Dataset content -
##########

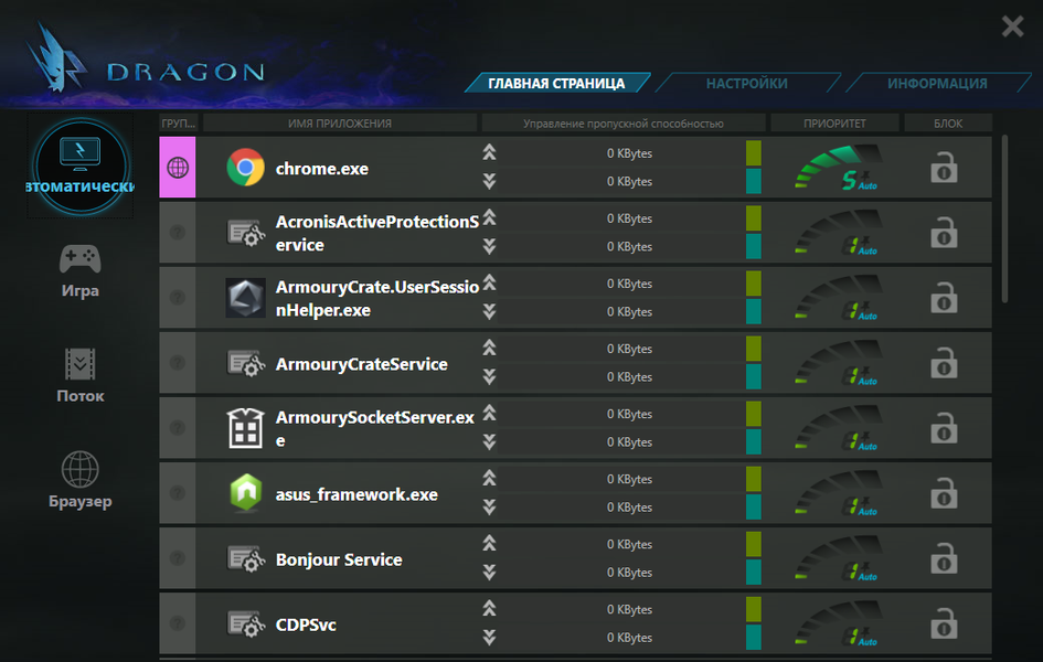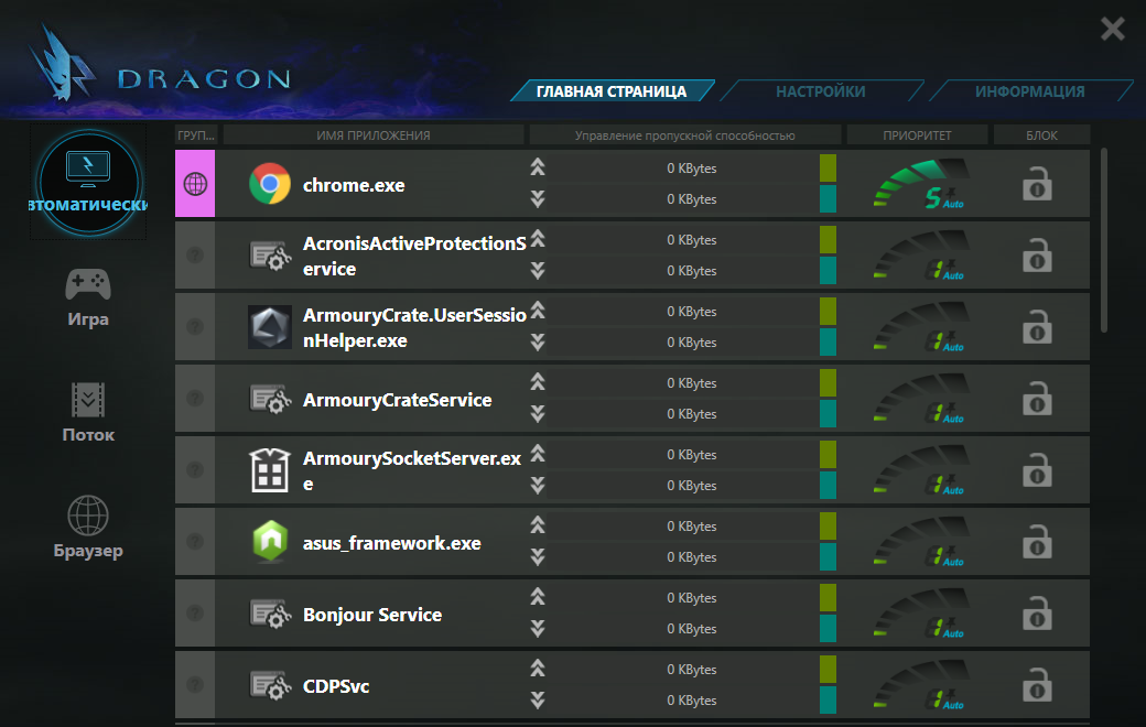 Программа позволяет регулировать приоритет сетевых потоков разных приложений в автоматическом режиме, а также дает возможность управлять ими вручную.
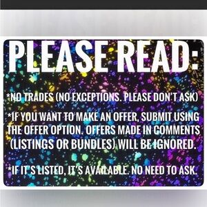 NO TRADES. If item is listed, it is available. Please submit offers using the offer button. Offers in comments will be ignored. Making comments on the price will result in member being blocked.
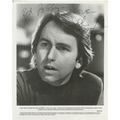 <B>John Ritter Signed Photo.</B></I> A b&w 8" x 10" promo photo from <I>Hero at Large</B></I> inscribed and signed by the late actor in black ink, in Excellent condition.<BR><BR><b>Shipping:</b> Flat Material, Small (<a target="_blank" href="http://www.heritageauctions.com/common/shipping.php">view shipping information</a>) <BR><BR><B>Important not

##########

Task -
Quote the preceding listing precisely and completely, omitting its images.

Task solution -
 Программа позволяет регулировать приоритет сетевых потоков разных приложений в автоматическом режиме, а также дает возможность управлять ими вручную.
 NO TRADES. If item is listed, it is available. Please submit offers using the offer button. Offers in comments will be ignored. Making comments on the price will result in member being blocked.
 <B>John Ritter Signed Photo.</B></I> A b&w 8" x 10" promo photo from <I>Hero at Large</B></I> inscribed and signed by the late actor in black ink, in Excellent condition.<BR><BR><b>Shipping:</b> Flat Material, Small (<a target="_blank" href="http://www.heritageauctions.com/common/shipping.php">view shipping information</a>) <BR><BR><B>Important not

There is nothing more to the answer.